The United States Supreme Court ruled, Thursday, that two “Republican-backed ballot restrictions” in the state of Arizona do not violate the Voter Rights Act of 1965, opening the door for voter restriction measures nationwide, and spelling trouble for the Department of Justice’s lawsuit, announced earlier this week, challenging new measures just passed in Georgia.
“The U.S. Supreme Court on Thursday endorsed two Republican-backed ballot restrictions in Arizona that a lower court found had disproportionately burdened Black, Latino, and Native American voters, handing a defeat to voting rights advocates and Democrats who had challenged the measures,” Reuters reported. “The 6-3 ruling, with the court’s conservative justices in the majority, held that the restrictions on early ballot collection by third parties and where absentee ballots may be cast did not violate the Voting Rights Act, a landmark 1965 federal law that prohibits racial discrimination in voting.”
Notably, the “three liberal justices” dissented from the decision, while the court’s six conservative and moderate judges sided with Arizona’s plan to rein in the state’s expansive early and absentee voting rules.
Reuters noted that the ruling comes at a time when Republican governors are pressing for greater voter restrictions, pushing back against liberalizing early and absentee voting rules in many states that greatly expand the period of time in which ballots may be cast ahead of election day, and that liberalize the conditions under which state residents may vote absentee.
“The case involves a 2016 Arizona law that made it a crime to provide another person’s completed early ballot to election officials, with the exception of family members or caregivers. Community activists sometimes engage in ballot collection to facilitate voting and increase voter turnout. Ballot collection is legal in most states, with varying limitations. Republican critics call the practice ‘ballot harvesting,'” per Reuters. “The other restriction at issue was a longstanding Arizona policy that discards ballots cast in-person at a precinct other than the one to which a voter has been assigned. In some places, voters’ precincts are not the closest one to their home.”

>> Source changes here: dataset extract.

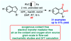 其中,研究成果二在无隔膜电解池中采用恒电流模式使用空气作为唯一氧化剂,建立了吲哚氧化制备靛红的绿色方法,并使用DFT计算对反应机理进行了深入研究。本方法具有以下优点:无需常规有毒氧化剂;无需电子转移媒介物;空气作为氧化剂以及氧原子来源;可通过流动电解池进行克级制备。该工作成果以“Scalable Electrochemical Aerobic Oxygenation of Indoles to Isatins without Electron Transfer Mediators by Merging with an Oxygen Reduction Reaction”为题发表于国际权威期刊《Organic Letters》。该论文必一在线平台(中国)官网为第一单位,化学与材料学院博士研究生庄伟辉和硕士研究生张家琦为共同第一作者,汕头大学倪绍飞教授、必一在线平台(中国)官网张晓凤高级实验师和黄秋锋教授为共同通讯作者。
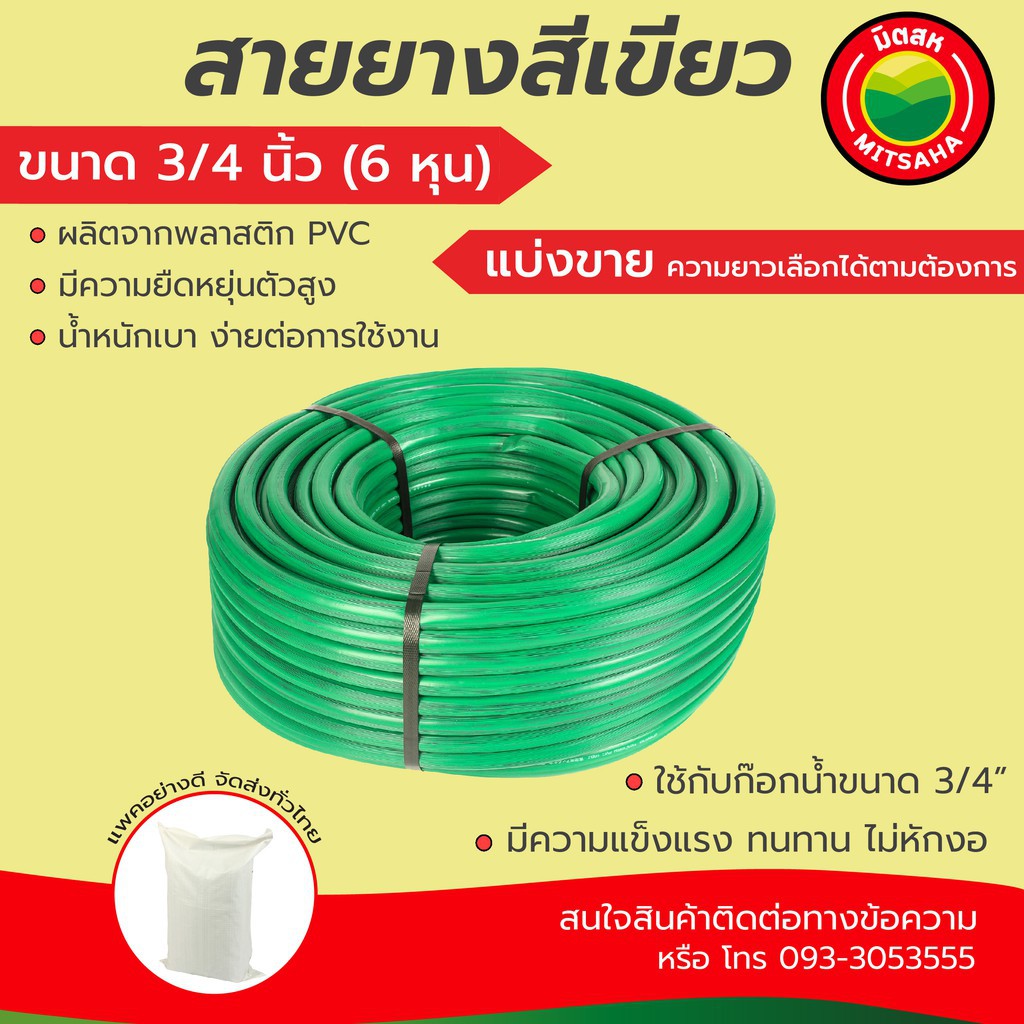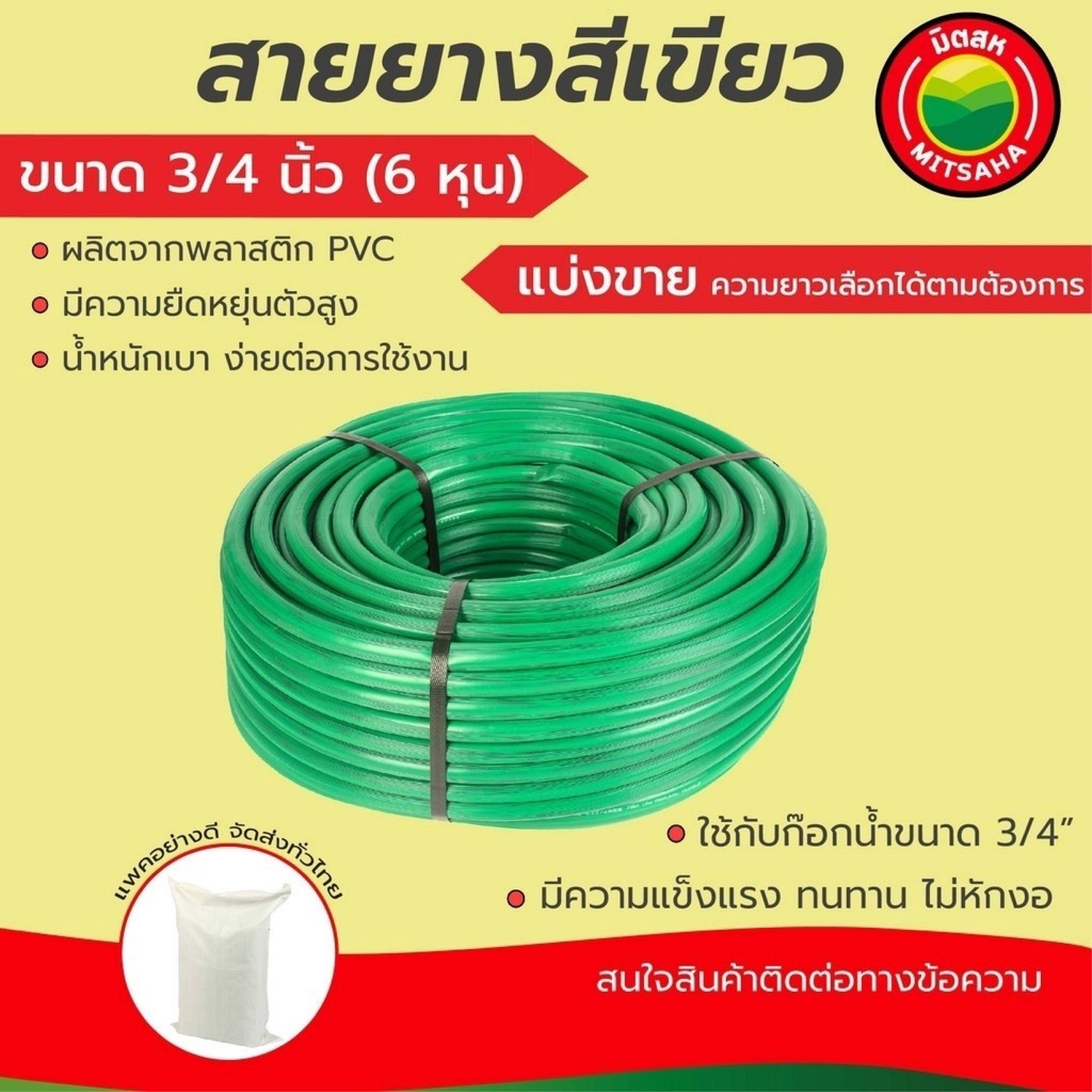 สายยางเขียว มิตสห เกรดAAA ขนาด3/4นิ้ว(6หุน)(ก๊อก3/4”) หนา2mm แบ่งขายเป็นเมตร Water hose สายยางรดน้ำ สายยางฉีดน้ำ สีเขียว

Justice Samuel Alito, writing for the majority made clear that, despite these restrictions, voting remained “equally open” to all of Arizona’s eligible and registered voters. “Mere inconvenience,” he said, “cannot be enough to demonstrate” a Constitutional violation.
Alito and the majority declined, however, to create a bright-line rule governing which voter restrictions fell within Constitutional purview.
“[W]e think it prudent to make clear at the beginning that we decline in these cases to announce a test to govern all VRA §2 claims involving rules, like those at issue here, that specify the time, place, or manner for casting ballots,” he wrote.
The case, however, will likely have consequences for the Department of Justice’s lawsuit in Georgia, which, as the Daily Wire reported, “alleges that recent changes to Georgia’s election laws were enacted with the purpose of denying or abridging the right of black Georgians to vote on account of their race or color in violation of Section 2 of the Voting Rights Act.”
Those laws in Georgia mandate that a voter must be in line to vote by the official poll closing time of 7 pm, and restrict electioneering at the polls. Because those laws do not necessarily abridge the right to vote for eligible and registered Georgia voters, the DOJ’s lawsuit may run afoul of Thursday’s ruling.